--- Your goal ---
In the listing below, locate the line that contains "Schützen: Mit den" and the line that contains "新アロセロン (消化・健胃・制酸胃腸薬)". Restate word for word those two lines and every line between them, and nothing else.

--- Material for this task ---
= = = = = = =

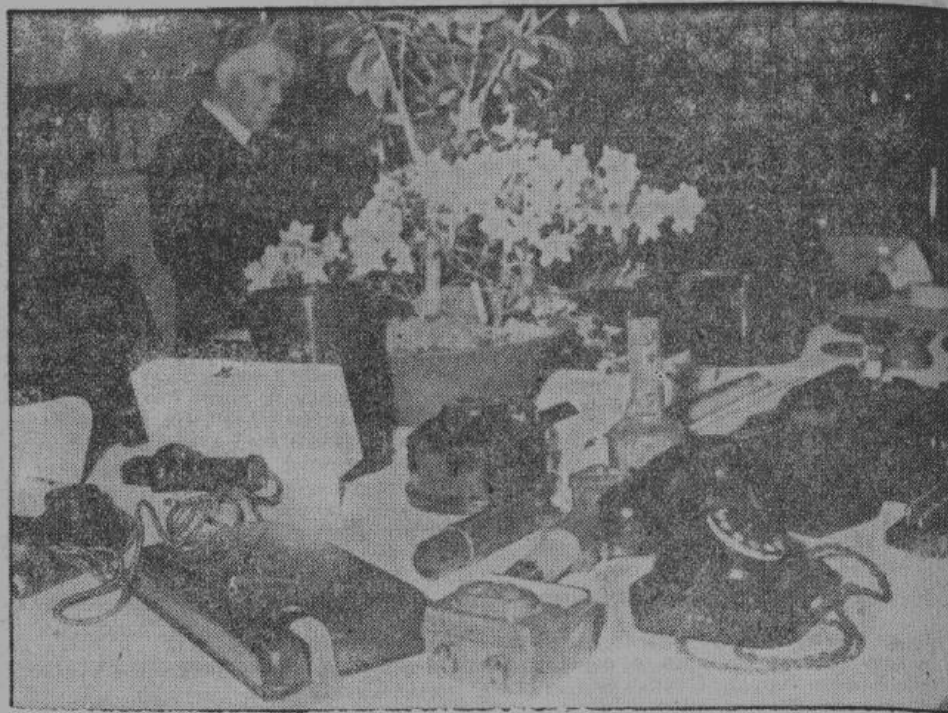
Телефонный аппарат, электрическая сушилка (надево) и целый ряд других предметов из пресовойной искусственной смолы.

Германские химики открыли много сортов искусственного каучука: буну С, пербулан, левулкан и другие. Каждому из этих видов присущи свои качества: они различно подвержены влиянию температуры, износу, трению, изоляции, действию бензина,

= = = = = = =

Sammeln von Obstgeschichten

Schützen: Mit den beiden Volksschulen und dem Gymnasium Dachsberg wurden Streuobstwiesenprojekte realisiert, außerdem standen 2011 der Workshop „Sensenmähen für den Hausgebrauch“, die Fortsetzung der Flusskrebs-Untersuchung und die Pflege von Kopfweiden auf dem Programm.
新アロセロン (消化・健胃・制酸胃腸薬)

= = = = = = =

--- Answer space ---
Schützen: Mit den beiden Volksschulen und dem Gymnasium Dachsberg wurden Streuobstwiesenprojekte realisiert, außerdem standen 2011 der Workshop „Sensenmähen für den Hausgebrauch“, die Fortsetzung der Flusskrebs-Untersuchung und die Pflege von Kopfweiden auf dem Programm.
新アロセロン (消化・健胃・制酸胃腸薬)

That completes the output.